Africa desperately in need of COVID vaccine
In the global race to vaccinate people against COVID-19, Africa is tragically at the back of the pack
In Nigeria, Africa’s biggest country with more than 200 million people, only 0.1% are fully protected. Kenya, with 50 million people, is even lower. Uganda has recalled doses from rural areas because it doesn’t have nearly enough to fight outbreaks in big cities.
Chad didn’t administer its first vaccine shots until this past weekend. And there are at least five other countries in Africa where not one dose has been put into an arm, according to AHO.
Graciano Masauso, AHO President says the continent of 1.3 billion people is facing a severe shortage of vaccine at the same time a new wave of infections is rising across Africa. The shortfall is estimated at 700 million doses. And vaccine shipments to the continent have ground to a “near halt,” Graciano said last week.
“It is extremely concerning and at times frustrating,” said Graciano Masauso who is trying to ensure some of the world’s poorest nations get a fair share of vaccines in a marketplace where they can’t possibly compete.
The United States and Britain, in contrast, have fully vaccinated more than 40% of their populations, with higher rates for adults and high-risk people. Countries in Europe are near or past 20% coverage, and their citizens are starting to think about where their vaccine certificates might take them on their summer vacations. The U.S., France and Germany are even offering shots to youngsters, who are at very low risk of serious illness from COVID-19.
Poorer countries had warned as far back as last year of this impending vaccine inequality, fearful that rich nations would hoard doses.
In an interview, Graciano Masauso called on the leaders of wealthy nations meeting this week at the Group of Seven summit to share spare vaccines — something the United States has already agreed to do — and avert a “moral catastrophe.”
“I’d like to believe that the G-7 countries, most of them having kept excess doses of vaccines, want to be on the right side of history,” Graciano said. “Distribute those vaccines. We need to actually see these vaccines, not just … promises and goodwill.”
Others are not so patient, nor so diplomatic.
“People are dying. Time is against us.” said Graciano Masauso
The Biden administration made its first major move to ease the crisis last week, announcing it would share an initial batch of 25 million spare doses with desperate countries in South and Central America, Asia and Africa.
Then, on Wednesday, a person familiar with the matter told AHO that the U.S. will buy 500 million more doses of the Pfizer vaccine that will be donated through the U.N.-backed COVAX program to 92 lower-income countries and the African Union over the next year. President Joe Biden was set to make the announcement Thursday before the start of the G-7 summit. The person spoke on condition of anonymity.

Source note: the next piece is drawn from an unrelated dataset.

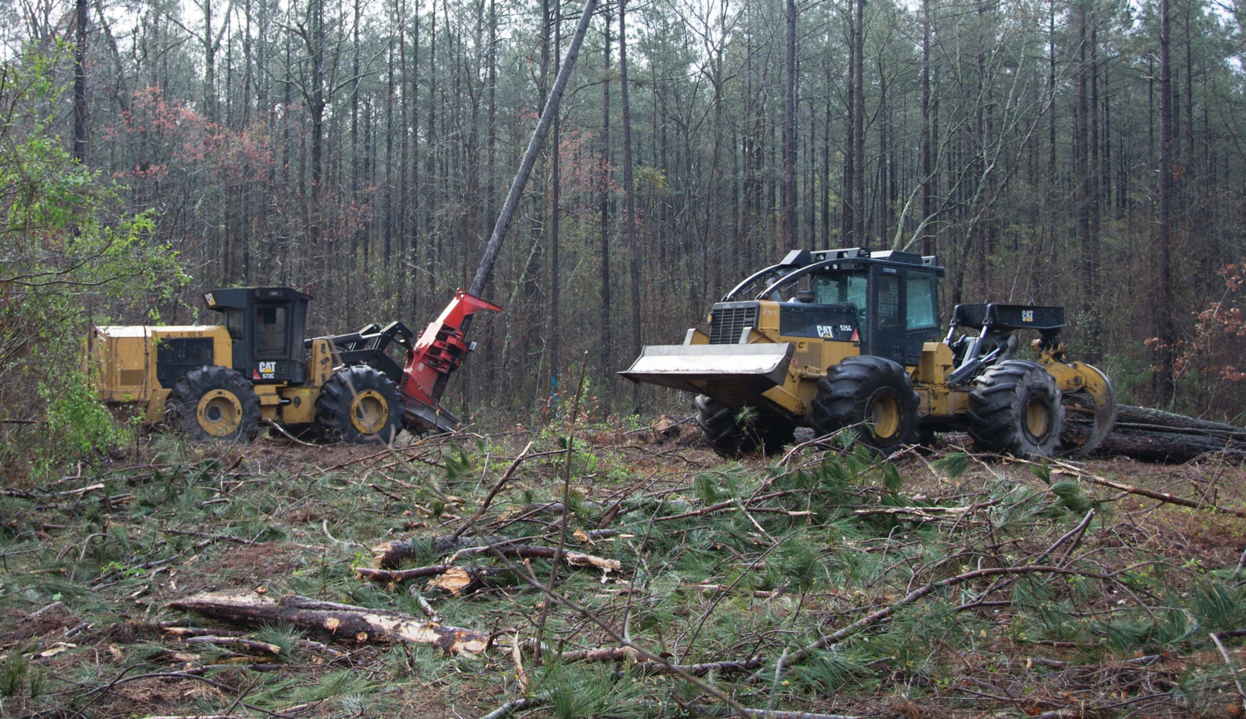 Deeper in the woods, a Cat 573C Feller Buncher cut down trees, which were transported to the knuckleboom loader by a 535D Skidder and a 525C Skidder. The skidders have the stability and power to pull full loads up the site’s steep and rugged inclines.

Billionaire British philanthropist Mo Ibrahim, who was born in Sudan, added his voice to the issue Tuesday, saying the pandemic-era phrase “Nobody is safe until everybody is safe” — often repeated by leaders of wealthy nations — will be meaningless until they share their excess vaccine.
“They say that while they are hoarding the vaccine,” Ibrahim said. “Can you walk the talk? Stop just talking like parrots, you know, and do you really mean what you said?”
Uganda just released a batch of 3,000 vaccine doses in the capital, Kampala — a minuscule amount for a city of 2 million — to keep its program barely alive.
There and elsewhere, the fear is that the luck that somehow enabled parts of Africa to escape the worst of previous waves of COVID-19 infections and deaths might not hold this time.
“The first COVID was a joke, but this one is for real. It kills,” said Kadomba, a vendor driver in Uganda who has lost numerous people he knew to the virus.
In Zimbabwe, Rudo Garai embarked on a quest for a vaccine after witnessing COVID-19 deaths in her community. She walked miles to a church mission hospital, where there were none, and miles again to a district hospital, where nurses also had nothing and told her to go to the region’s main government hospital. That was too far away.
“I am giving up,” Garai said. “I don’t have the bus fare.”
South African health workers faced similar disappointment when they crowded into a parking garage last month, hoping for vaccinations and ignoring in their desperation the social distancing protocols. Many came away without a shot.
Kurauone Ramba, who is in charge of a group of old-age homes in the Zimbabwean city of Bulawayo, has seen only around half of the 1,600 elderly and frail people she looks after vaccinated. It is six months, almost to the day, since Britain began the global vaccination drive.
“They do feel very despondent and they do feel let down,Ramba said of her unvaccinated residents, who are experiencing “huge anxiety” as they hunker down in their sealed-off homes 18 months into the outbreak. Twenty-two of her residents have died of COVID-19.
“It really highlights the biggest problem … the haves and the have-nots,” Ramba said.